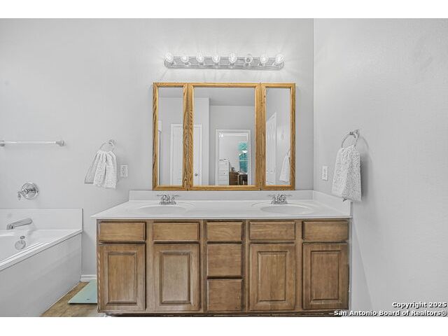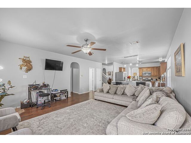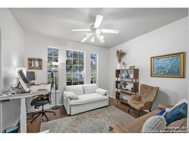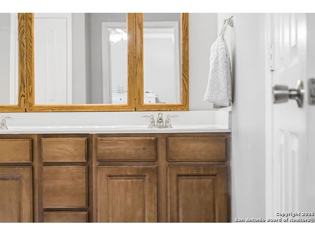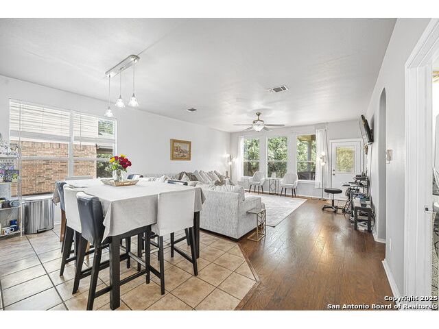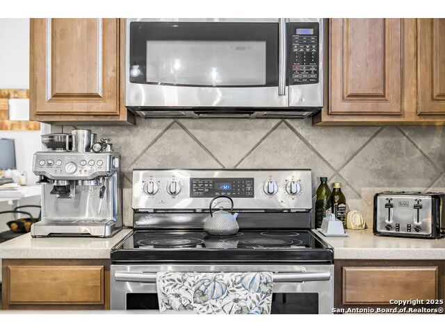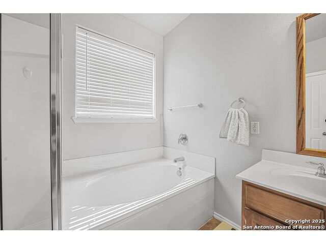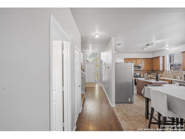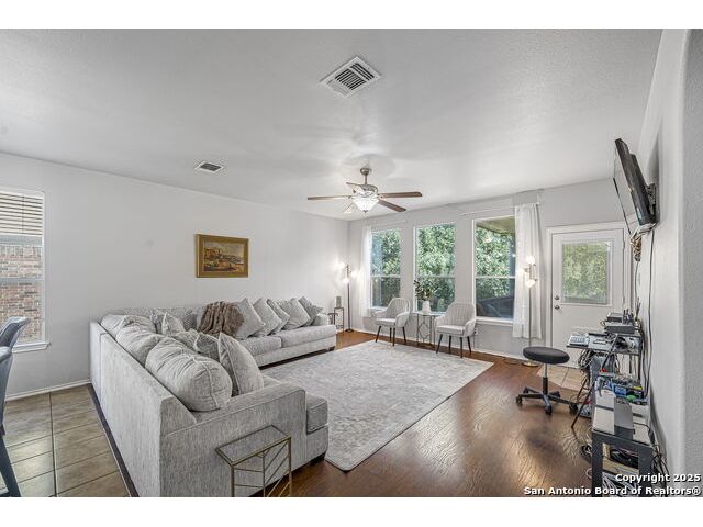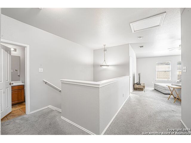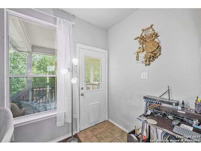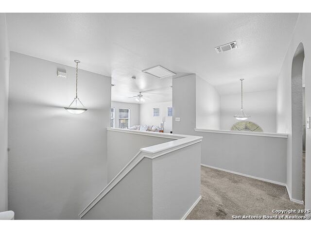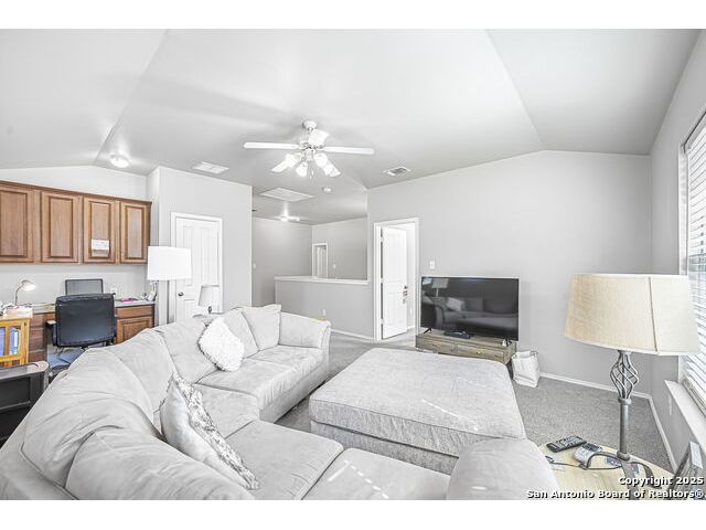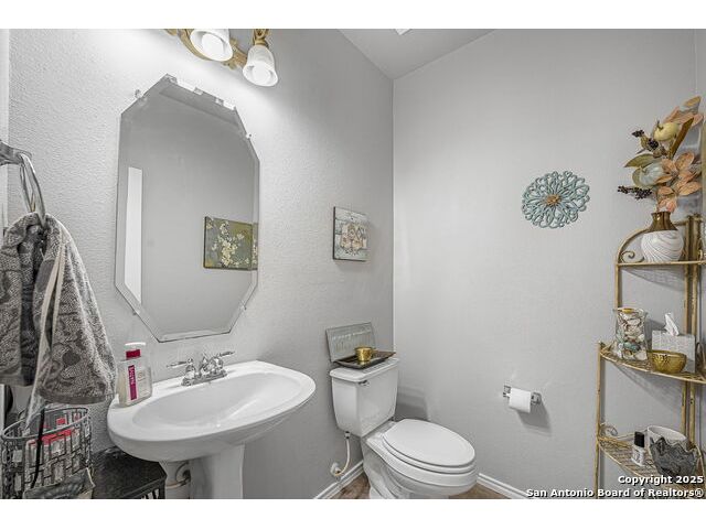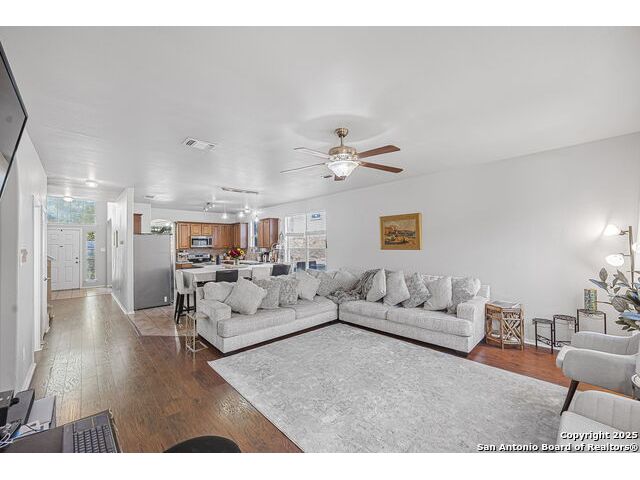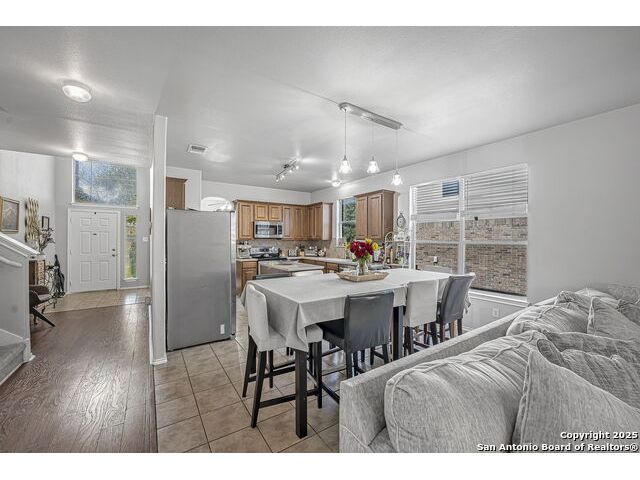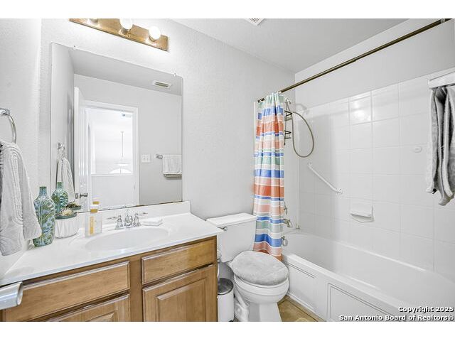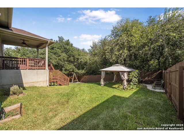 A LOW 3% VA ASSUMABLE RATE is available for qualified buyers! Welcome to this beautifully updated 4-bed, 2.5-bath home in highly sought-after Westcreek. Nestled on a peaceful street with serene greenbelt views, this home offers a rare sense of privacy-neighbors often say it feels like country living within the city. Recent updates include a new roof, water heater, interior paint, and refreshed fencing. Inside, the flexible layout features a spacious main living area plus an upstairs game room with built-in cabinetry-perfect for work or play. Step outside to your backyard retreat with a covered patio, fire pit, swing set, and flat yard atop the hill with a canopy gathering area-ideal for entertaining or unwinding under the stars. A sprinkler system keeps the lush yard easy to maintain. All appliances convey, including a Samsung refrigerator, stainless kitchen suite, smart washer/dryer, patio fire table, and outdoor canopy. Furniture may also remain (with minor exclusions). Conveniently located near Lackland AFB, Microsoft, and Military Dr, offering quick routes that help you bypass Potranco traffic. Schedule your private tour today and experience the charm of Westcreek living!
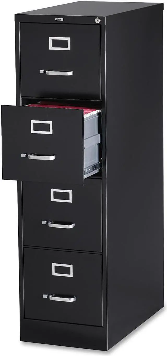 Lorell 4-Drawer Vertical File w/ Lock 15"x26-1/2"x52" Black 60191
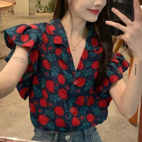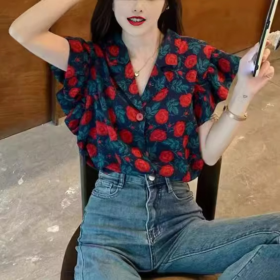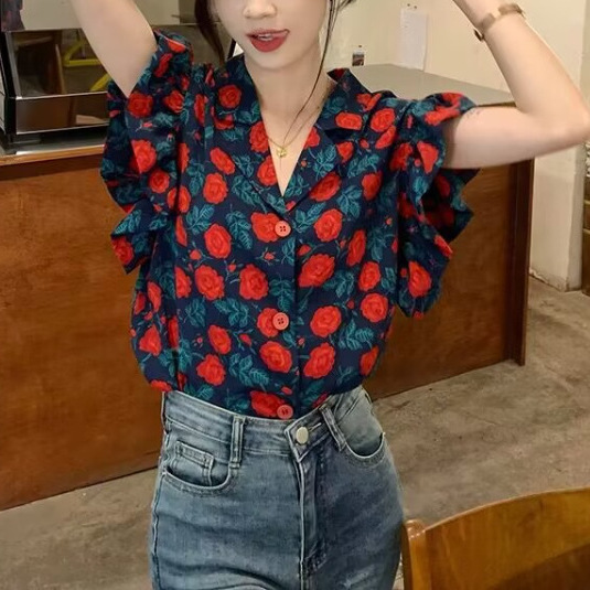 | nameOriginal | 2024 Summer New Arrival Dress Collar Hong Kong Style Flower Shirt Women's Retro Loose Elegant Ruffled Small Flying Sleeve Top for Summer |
===
■ **Work request**
The expected output is an exact copy of the lines from the one holding "Lorell 4-Drawer Vertical" through the last line of the listing above, with the pictures omitted.

■ **Completed exercise**
 Lorell 4-Drawer Vertical File w/ Lock 15"x26-1/2"x52" Black 60191
 | nameOriginal | 2024 Summer New Arrival Dress Collar Hong Kong Style Flower Shirt Women's Retro Loose Elegant Ruffled Small Flying Sleeve Top for Summer |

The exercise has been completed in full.